With this information, any romantic perception from the song “Bad Habits” can be removed. Yet, that can be hard to do when the word “you” seems to refer to a romantic partner.
Although the “you” actually refers to a piece of himself, a side that’s not good, because it’s the side that indulges in his bad habits, which is exposed when Ed says, “Every pure intention ends when the good times start.” And when this happens, he says, “I'll lose control of the things that I say/ Yeah, I was lookin' for a way out, now I can't escape.”
His acknowledgment of his bad habits is what leads him to “late nights endin’ alone/ Conversations with a stranger I barely know,” which illustrates how he ends up talking to himself about what he has done.
To add on, The word “stranger” emphasizes the ‘other’ that exists in him. Though the fact that he had conversations with them, the word “stranger” also demonstrates the outside body experience of reflection and not understanding how or why this horrible side exists since it’s not who he is.
At the same time, the word “alone” expresses the feeling of guilt and helplessness with his internal battle of bad habits. So when he says, “Swearin' this will be the last, but it probably won’t,” he confirms that he has an addiction.
However, Ed heals. The lyrics don’t express that, but his video does.
In his music video for “Bad Habits,” Sheeran’s a vampire, revealing that he’s a different person when he indulges in his bad habits, which is emphasized when a dummy of himself melts in his hands as CGI people flip and bounce around him.
Seemingly chaotic and random to view, it’s the safe’s way to express the destruction his bad habits have on the people around him. But when the sun comes up, the makeup of Vampire Ed disappears as the sunlight showers him and becomes the original Ed again, which can have two meanings. One, this can support that he’s a different person at night, or two, he learned to heal.

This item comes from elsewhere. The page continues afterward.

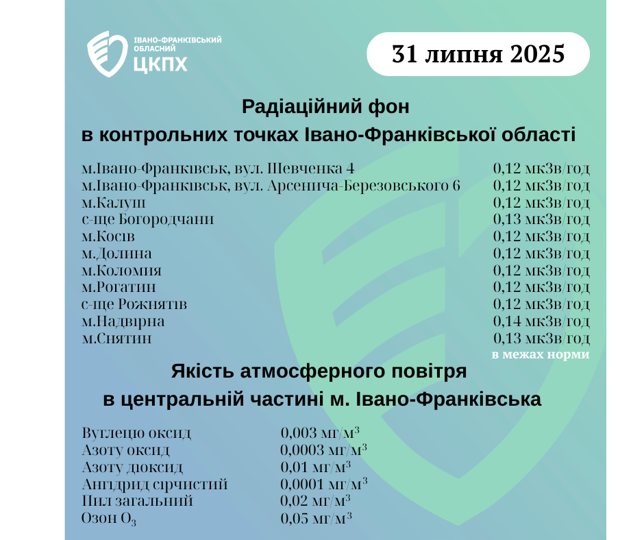 Станом на ранок 31.07.2025 показник радіаційного фону становить від 0,12 мкЗв/год до 0,14 мкЗв/год (що не перевищує природний радіаційний фон для Прикарпаття в межах 0,32 мкЗв/год).

In my opinion, he learned to heal since the group of monsters who were with him decide to hide when the sun comes up. When this happens, I see it as their unwillingness to change since Ed let himself return to who he was before his addictions. And because he changed for his daughter, I also think of this as Ed’s rebirth. But maybe I’m going a bit far with that.
Ultimately, the song “Bad Habits” is Ed’s personal story of his bad habits while revealing a new era of music with his upcoming album that reflects his life in the past four years.
He's gone through so many changes, which his new music will align with. So, for now, we’re left curious until he releases his album at the end of the year.